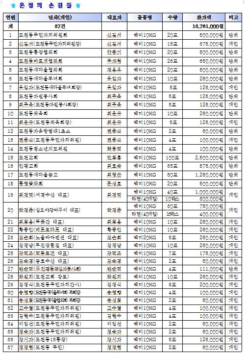 도천동장은 경제적 여건이 어렵고 이웃을 위한 도움의 손길이 아쉬워지는 요즈음 잊지 않고 따뜻한 온정의 손길을 모아주신 자생단체 및 독지가들에게 깊은 감사의 말씀을 전하며 훈훈한 설 명절을 준비했다.
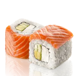 Больше размер - больше начинки! Лосось, сливочный сыр, авокадо, огурец, нори, рис заправленный
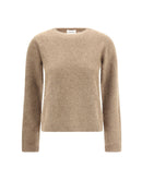 The crew neck Sweater by P.A.R.O.S.H. is an essential garment with a clean, refined design. Crafted with ribbed trim on the collar, hem and cuffs, it offers a comfortable fit and timeless style, perfect for completing your everyday wardrobe with a touch of understated elegance.

(ACTION ITEM):
Your answer must be an exact copy of the listing, with every picture omitted.

(RESULT FOR THIS EXERCISE):
 도천동장은 경제적 여건이 어렵고 이웃을 위한 도움의 손길이 아쉬워지는 요즈음 잊지 않고 따뜻한 온정의 손길을 모아주신 자생단체 및 독지가들에게 깊은 감사의 말씀을 전하며 훈훈한 설 명절을 준비했다.
 Больше размер - больше начинки! Лосось, сливочный сыр, авокадо, огурец, нори, рис заправленный
 The crew neck Sweater by P.A.R.O.S.H. is an essential garment with a clean, refined design. Crafted with ribbed trim on the collar, hem and cuffs, it offers a comfortable fit and timeless style, perfect for completing your everyday wardrobe with a touch of understated elegance.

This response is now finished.